OK, I see. I do remember torque tapering off at higher rpms on turbo cars curves.

Originally posted by Charlie:
Torque is not directly related to airflow, power is (generally). Same airflow at a lower RPM means more torque
...
You can get more airflow at low RPMs, meaning more horsepower and torque at lower RPM ranges.
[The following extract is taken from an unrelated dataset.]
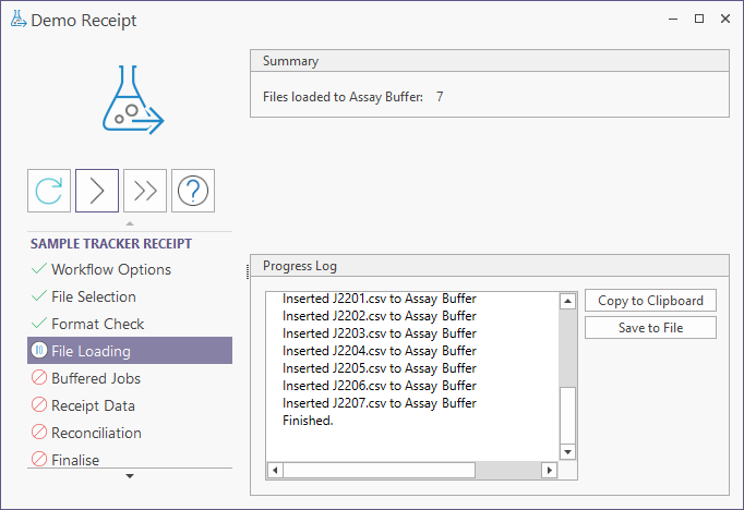 The File Loading process begins loading the selected file/s to the Assay Buffer tables.

This is the benefit of forced induction in FSAE.
Maybe a clarification is in order?
Torque is proportional to cylinder mass charge. (Hence you modulate Torque by modulating cylinder charge with a Throttle).
Power is proportional to Torque and Speed.
The restrictor limits mass flow, hence it limits cylinder mass charge above a certain rpm for an NA configuration.
Simplifying to a 'perfect' engine and no losses, you could theoretically get a constant power engine with an inlet compressor after the restrictor, and therefore the torque curve would be asymptotic to the x and y axes of a graph.
Ian

Sure that was a bit oversimplified but the point it was trying to counter was pretty basic too.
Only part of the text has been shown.